This repository houses code for the waveome package - an easy to use and powerful Python library that analyzes longitudinal data using Gaussian processes.
waveome is a computational method for longitudinal data analysis particularly to characterize and identify temporal dynamics of omics and clinical variables in association with the phenotype of interest. It employs the Gaussian processes as prior to implement a nonparametric estimation for the dynamics of the underlying measurements.
Key features:
- Generality: waveome is a new computational tool for identifying temporal dynamics significantly associated with phenotypes of interest.
- Validation: A comprehensive evaluation of waveome performance using synthetic data generation with known ground truth for genotype-phenotype association testing.
- Interpretation: By prioritizing comprehensive and flexible kernel functions, waveome significantly reduces computational costs.
- Elegance: User-friendly, open-source software allowing for high-quality visualization and statistical tests.
- Optimization: Since omics data are often very high dimensional, all modules have been written and benchmarked for computing time.

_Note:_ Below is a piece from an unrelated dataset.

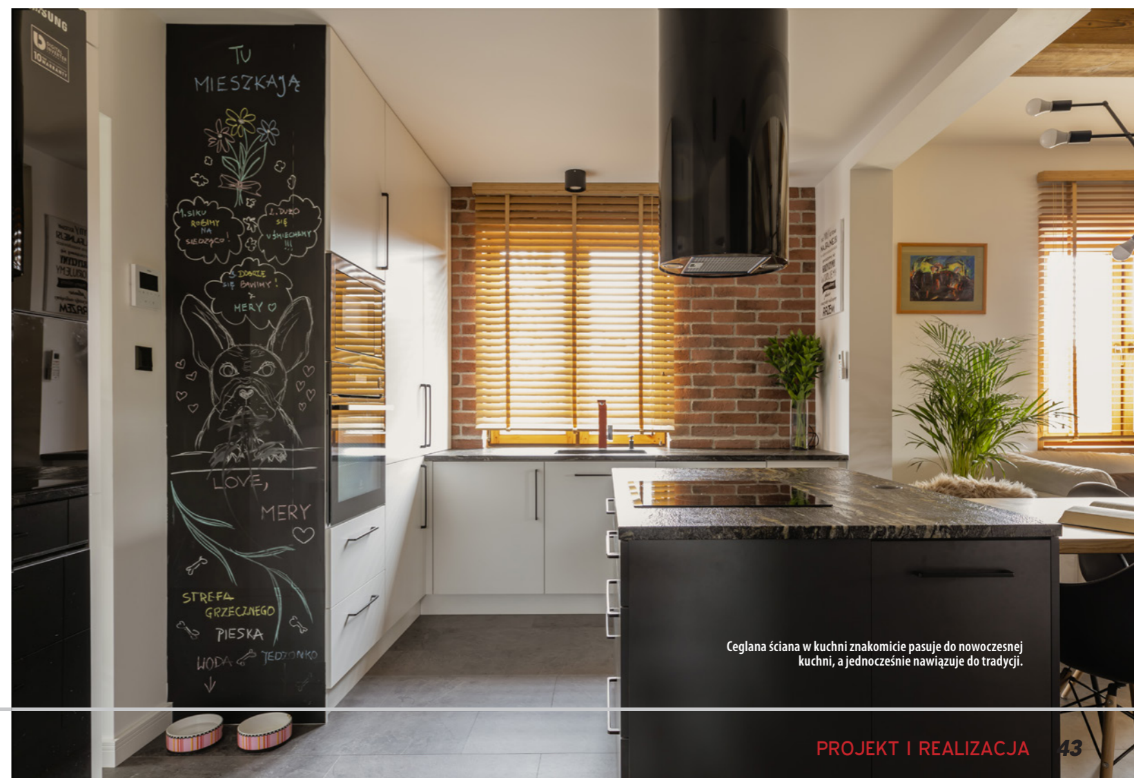
Ceglana ściana w kuchni znakomicie pasuje do nowoczesnej kuchni, a jednocześnie nawiązuje do tradycji.

- Documentation: Open-source GitHub repository of code complete with tutorials and a wide range of real-world applications.
Citation:
Allen Ross, Ali Reza Taheriouyn, Jason Llyod-Price, Ali Rahnavard (2024). **waveome: characterizing temporal dynamics of metabolites in longitudinal studies **, https://github.com/omicsEye/waveome/.
- Generic software that can handle any kind of sequencing data and phenotypes
- One place to perform all analyses and produce high-quality visualizations
- Optimized computation
- User-friendly software
- Provides temporal dynamics, associated omics features, and metadata
- Enhanced with diagnostic and summarizing visualizations
Running waveome requires multiple steps, including installing waveome package, loading data in the required format, specifying covariates and outcomes ( omics features), running kernel services (takes some time and computing resources), and visualizing overall and individual associations. All these steps are demonstrated in the waveome_overview.ipynb notebook as a template (an example of the package modeling simulated data) that you can use and modify for your input data. Each step is explained with details in following sections of this tutorial.

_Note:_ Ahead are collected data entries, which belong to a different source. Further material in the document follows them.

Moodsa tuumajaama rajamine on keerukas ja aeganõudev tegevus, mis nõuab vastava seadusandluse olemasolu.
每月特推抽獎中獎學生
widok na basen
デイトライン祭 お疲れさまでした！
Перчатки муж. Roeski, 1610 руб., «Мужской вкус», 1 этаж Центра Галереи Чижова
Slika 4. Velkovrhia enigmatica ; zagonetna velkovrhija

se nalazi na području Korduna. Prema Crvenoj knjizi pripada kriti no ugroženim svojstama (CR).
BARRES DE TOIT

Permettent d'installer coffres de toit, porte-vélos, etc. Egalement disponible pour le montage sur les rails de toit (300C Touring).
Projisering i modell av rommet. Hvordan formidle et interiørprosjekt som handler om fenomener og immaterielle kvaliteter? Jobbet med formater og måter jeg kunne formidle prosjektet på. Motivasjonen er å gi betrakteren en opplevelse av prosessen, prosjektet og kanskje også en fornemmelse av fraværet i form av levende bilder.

To install the package it is suggested that you create a new conda environment (required to have Python >= 3.9 and <= 3.11 for tensorflow)

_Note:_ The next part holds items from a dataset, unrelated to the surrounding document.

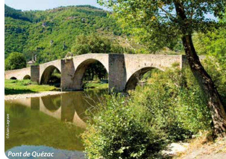
Pont de Quézac
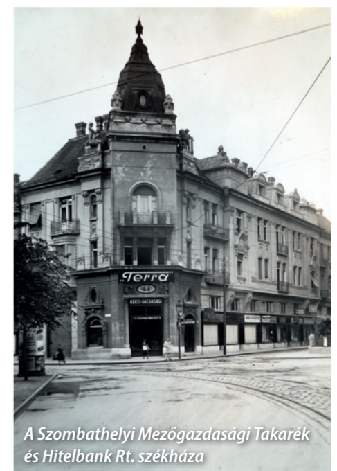
A Szombathelyi Mezőgazdasági Takarékszövetkezet és Hitelbank Rt. székháza
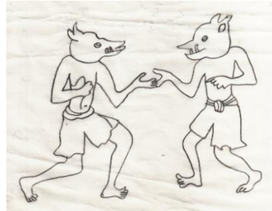
شكل (٤) قوم جزيرة سكسار
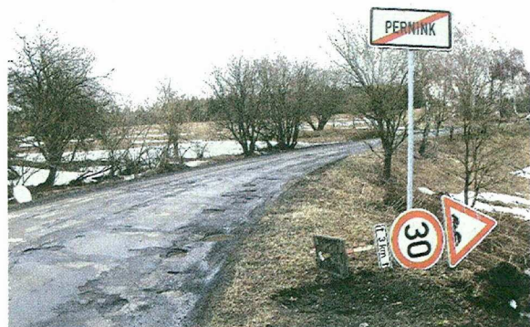
Konec obce Pernink - stav silnice se zanedbanou údržbou.

Autor je mluvčím občanského sdružení se sídlem v Horní Blatné
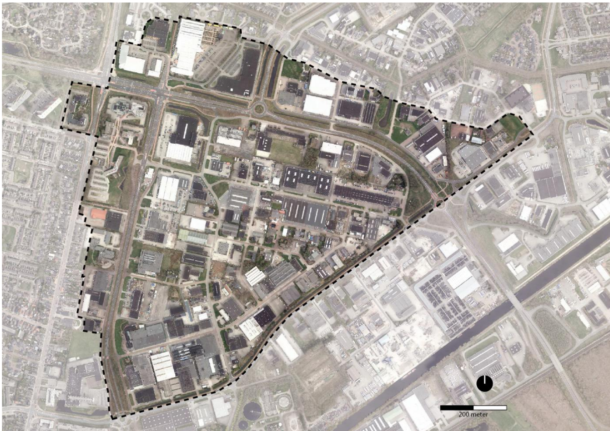
Projectgebied Revitalisering Stadsbedrijvenpark

In het project Revitalisering Stadsbedrijvenpark is de ruimtelijke kwaliteit van panden en erven een van de belangrijke thema's. Onderdeel van het Revitaliseringsplan is een subsidieregeling voor gevelrenovatie en de verbetering van voorerven.
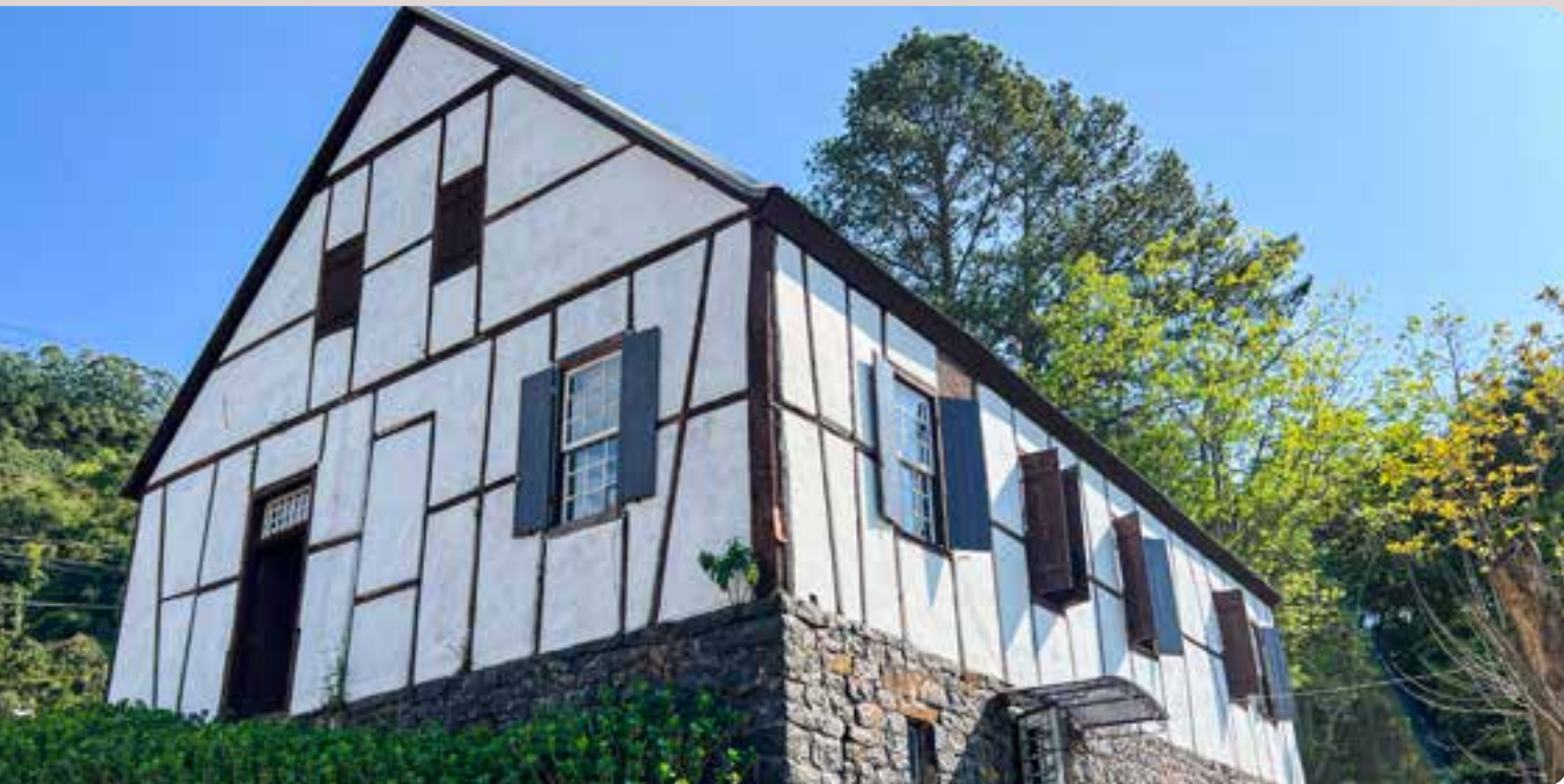
Santa Maria do Herval
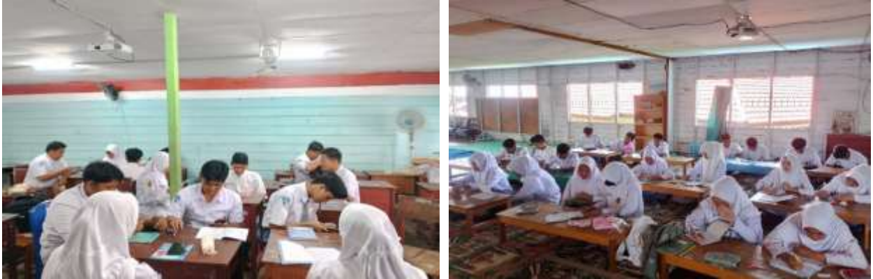
Gambar 2. Pelaksanaan PKM

Setelah melakukan kegiatan perencanaan kemudian kegiatan pembinaan ini dilakukan dengan tahap pelaksanaan. Tahap pelaksanaan dilakukan melalui tiga pendekatan utama, yaitu kognitif, afektif, dan psikomotorik. Pendekatan kognitif dilakukan melalui kegiatan kajian tematik Qur'an dan Hadis, diskusi interaktif, serta pemutaran video edukatif yang mengangkat isu-isu akhlak remaja di era digital. Kemudian peserta didik diajak memahami bagaimana nilai-nilai Islam dapat dijadikan pedoman dalam penggunaan media sosial, berkomunikasi, dan mengelola waktu di dunia maya. Selanjutnya pendekatan dilakukan dengan pendekatan afektif yang dilaksanakan melalui kegiatan muhasabah, tadabbur Al-Qur'an, dan sharing session bersama mentor muda. Melalui kegiatan ini, remaja diajak untuk mengenal kembali jati diri mereka sebagai generasi Muslim yang memiliki tanggung jawab moral dalam menjaga kehormatan diri di ruang digital. Kemudian pendekatan terakhir dalam pembinaan ini dilakukan dengan pendekatan psikomotorik yang diwujudkan dalam bentuk kegiatan nyata, seperti para peserta didik membuat suatu proyek yaitu pembuatan sebuah konten sedekah seperti video dakwah pemanfaatan media digital, atau membuat proyek pembuatan konten dakwah kreatif bertema akhlak yang mengandung pesan moral dari Qur'an.
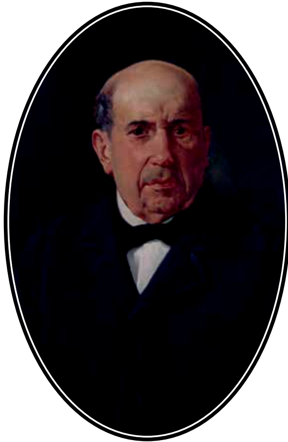
Jaun baten erretratua 1890 Mihise gaineko olio pintura 76 x 53,5 cm 2000an erosita
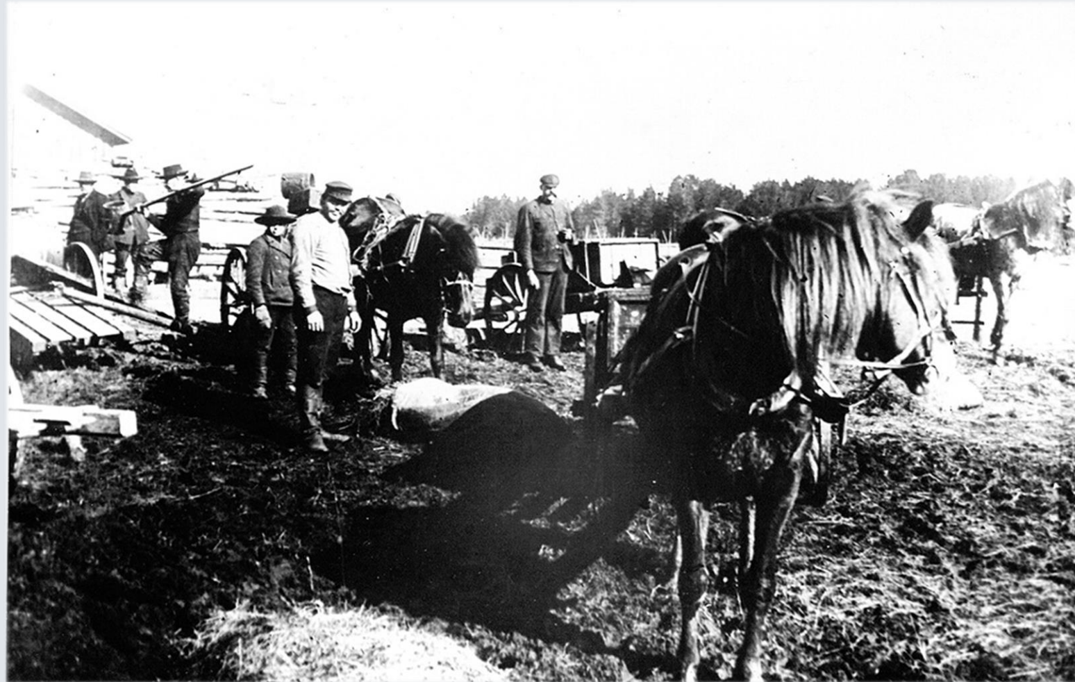
Rankkia hakemassa. Vi Neristassbor rf.

Installation of waveome is processed in a conda environment. You therefore need to install conda first. Go to the Anaconda website and download the latest version for your operating system.
- For Windows users: do not forget to add conda to your system PATH. It will be asked as a part of installation procedure.
- Make sure about conda availability. Open a terminal (or command line for Windows users) and run:
conda --version
It should output something like:
conda 23.7.4
if not, you must make conda available to your system for further steps. If you have problems adding conda to PATH, you can find instructions here.
If you are using Windows operating system, please make sure you have both git and 'Microsoft Visual C++ 14.0' or later installed. You need also to install Microsoft C++ build tools. In case you face issues with this step, this link may help you.
Regardless of what your operating system is, follow these steps:
-
Open a terminal in your Linux or Mac system or command (
ctrl+R
then typecmd
and press Enter) in your Windows system and use the following code to create a conda environment:conda create --name waveome_env python=3.11
-
Activate your conda environment:
conda activate waveome_env
-
If you want to use waveome in a Python notebook, for instance in Jupyter Notebook (which is recommended for running waveome_overview.ipynb sample file and example projects), we recommend the installation of Jupyter Notebook in this environment prior to the
pip
installation of waveome. To do so, if you are using any operating system except Mac M1/M2, simply run:conda install jupyter
in the
waveome_env
in your terminal or command prompt and go to step 4. But, if you are an M1/M2 Mac user, prior to installation of Jupyter Notebook run the following in thewaveome_env
:conda install -c conda-forge grpcio
and afterwards run:
conda install jupyter
-
Install waveome directly from GitHub:
python -m pip install git+https://github.com/omicsEye/waveome
If you would like to run waveome_overview.ipynb
then you should also set up a Jupyter kernel for the new waveome_env
environment. This can be done with
conda install -n waveome_env ipykernel
and then to employ waveome_env in Jupyter Notebook we need to provide the kernel. This can be done with
python -m ipykernel install --user --name=waveome_env
Change directory to where you have your iPhyton notebook
cd /PATH-TO_YOUR_iPythonNotebook-DiRECTORY
Then run jupyter notebook in command line
jupyter notebook
.
in the terminal while waveome_env
is active.
As an input, waveome requires a pandas data frame which contains at least:
- Subjects/individuals/patients index column,
- Columns of covariates; in longitudinal studies these columns contain the time of observing the sample.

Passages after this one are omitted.